== Data excerpt ==
****************************************
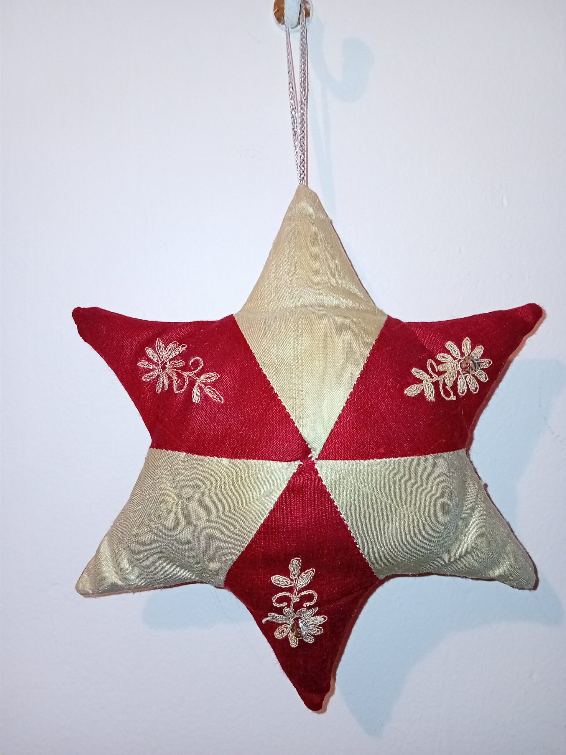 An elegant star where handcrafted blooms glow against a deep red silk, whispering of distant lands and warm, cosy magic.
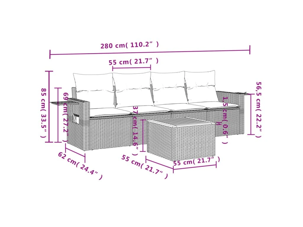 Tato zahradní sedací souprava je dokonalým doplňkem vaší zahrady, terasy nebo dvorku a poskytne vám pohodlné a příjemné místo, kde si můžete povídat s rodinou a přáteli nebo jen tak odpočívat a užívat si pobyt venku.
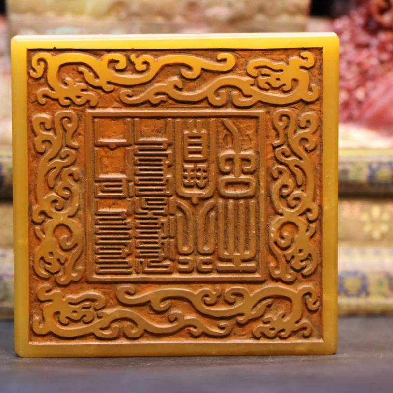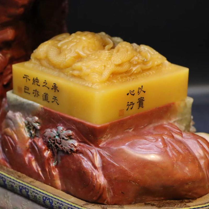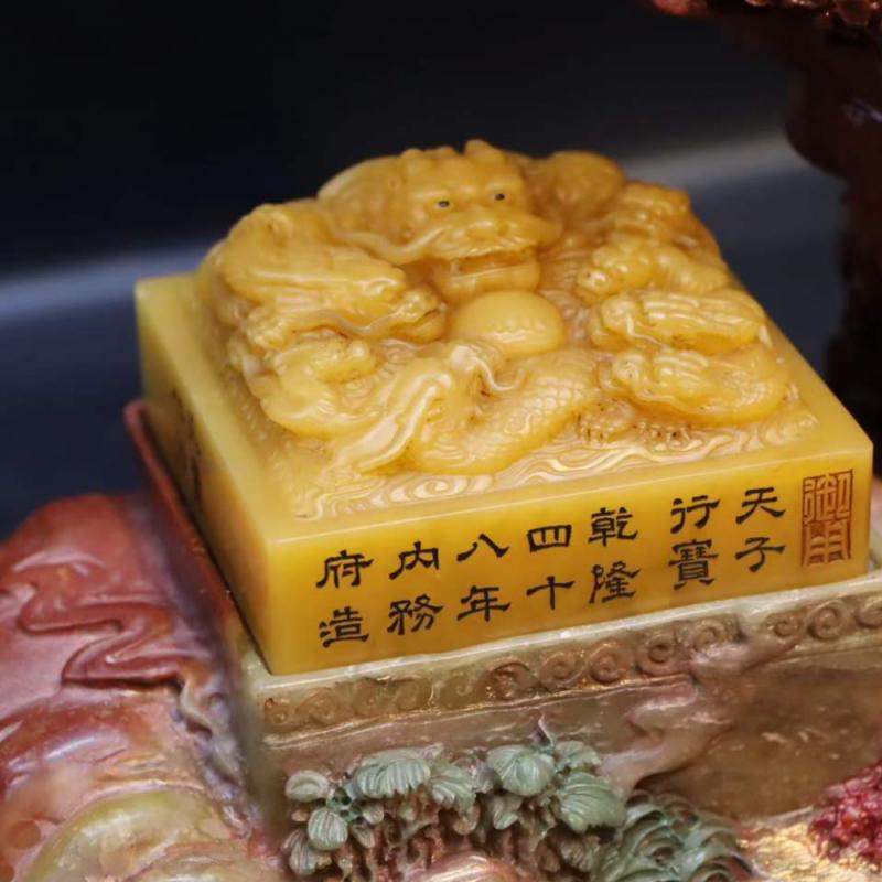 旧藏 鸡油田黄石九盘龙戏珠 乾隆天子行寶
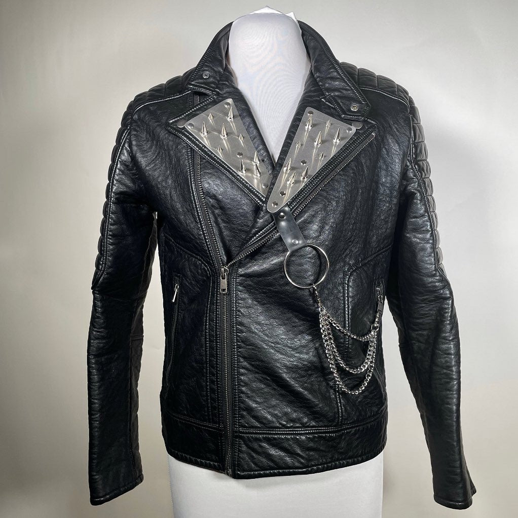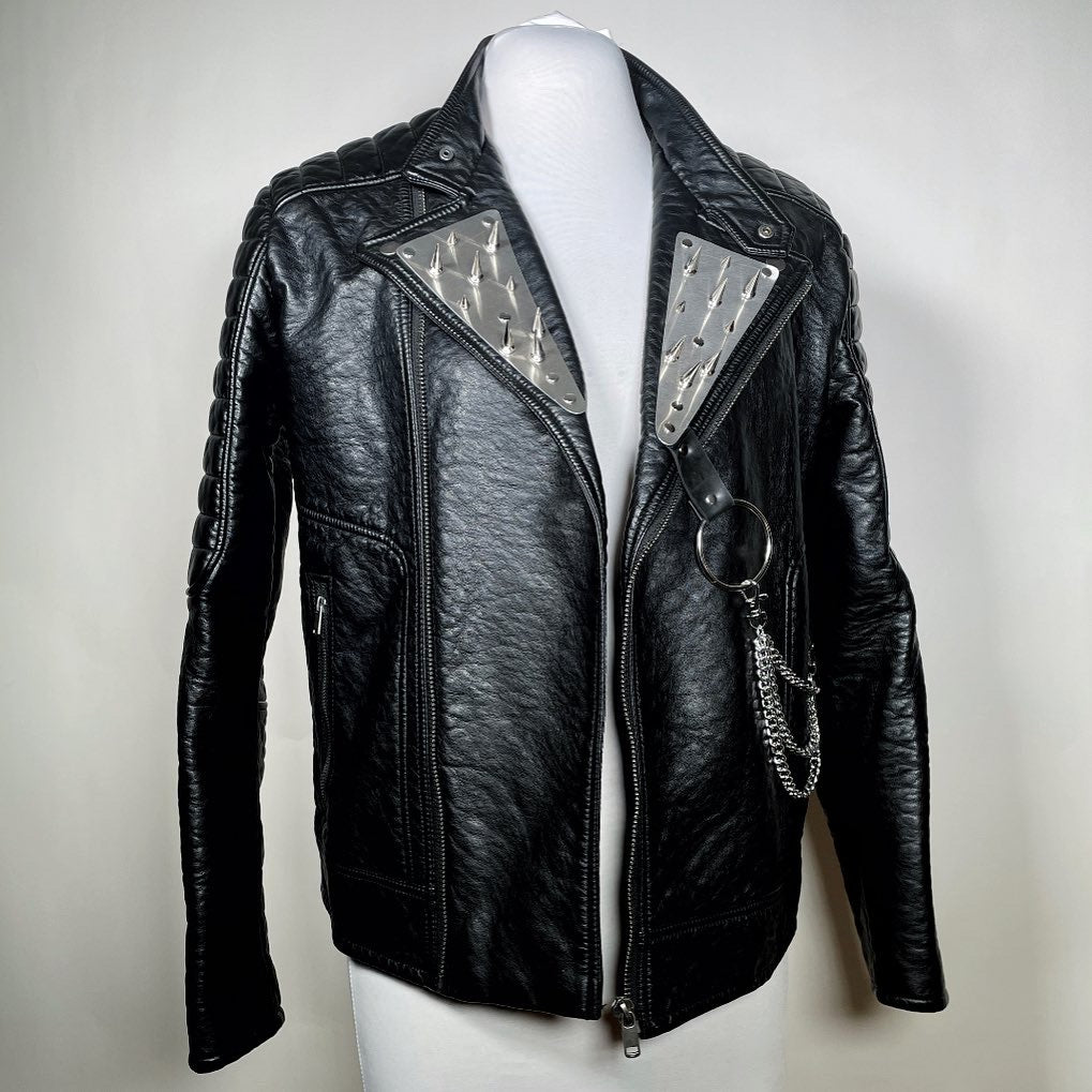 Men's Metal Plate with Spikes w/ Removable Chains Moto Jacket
****************************************
== To do ==
Reproduce the material exactly. Pictures stay out.

== Worked solution ==
 An elegant star where handcrafted blooms glow against a deep red silk, whispering of distant lands and warm, cosy magic.
 Tato zahradní sedací souprava je dokonalým doplňkem vaší zahrady, terasy nebo dvorku a poskytne vám pohodlné a příjemné místo, kde si můžete povídat s rodinou a přáteli nebo jen tak odpočívat a užívat si pobyt venku.
 旧藏 鸡油田黄石九盘龙戏珠 乾隆天子行寶
 Men's Metal Plate with Spikes w/ Removable Chains Moto Jacket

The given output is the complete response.